Question

Convergence of betas, iterations arguments with nbinomialWaldTest

0

Entering edit mode

Mozart ▴ 30

@mozart-20625

Last seen 4.4 years ago

Note: this post has been firstly posted on Biostars, Moderators suggested to post it here being this more appropriate for my purpose.

Hi, I am not going to ask how to solve issue related to the maxit argument with nbinomialWladTest within DESeq2 but for me, far from this scientific field, it's really hard to go through the vignette, other posts and lessons and trying to end up with a clear explanation of what is the convergence of beta and why using a larger maxit argument with nbinomWaldTest may solve the issue.

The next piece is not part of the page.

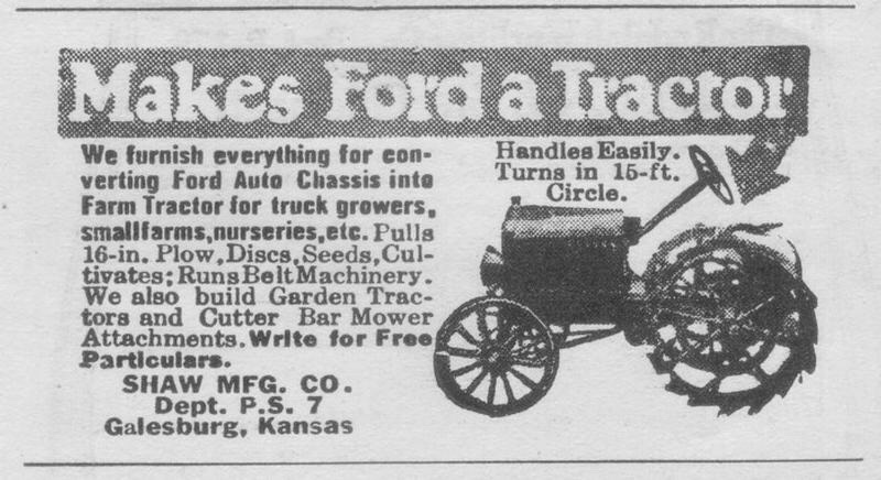 - * REQUIRED* Type and Year of Model Ts owned: '25 homemade pickup, Fond Du Lac conversion tractor

I assume that first of all this may come up when the design of the experiment is not well balanced;
Referring to this link Dr Love explains that when there is a single count in a row of 0s (so I guess when a certain gene in a sample is ≥1 where the same gene has 0 counts in every other samples) the GLM code may have some problems converging the betas. Now, I am a bit rusty with my stats knowledge but if I got this right: convergence of betas is required to fit a line in our experiment so that is possible to estimate dispersions of our parameters of interest. right? effect of X on Y in Y=βX+ε

Is that correct?

Why using a larger maxit argument may solve this convergence problem? I presume that this step removes lowly expressed genes with low power so that makes the fit more reliable? Thanks

deseq2 • 933 views

ADD COMMENT • link updated 4.4 years ago by Michael Love 43k • written 4.4 years ago by Mozart ▴ 30

score 2 · Accepted Answer · 2020-10-06

Rows of the count matrix with very low counts (e.g. a single sample with a positive count per group) usually are the culprit when the method is not converging in beta, and hence I often recommend simply filtering these by specifying X number of samples have a count of Y or more, where you can choose those values in a conservative way to preserve any rows with possible signal.

Convergence of betas is required for dispersion estimation, and then again for reporting the LFC values and their SE, and for forming the test statistic.

maxit sometimes helps -- it literally allows the method more iterations (see ?nbinomWaldTest), beyond the default of 100. But also removing these very low count features is a faster solution.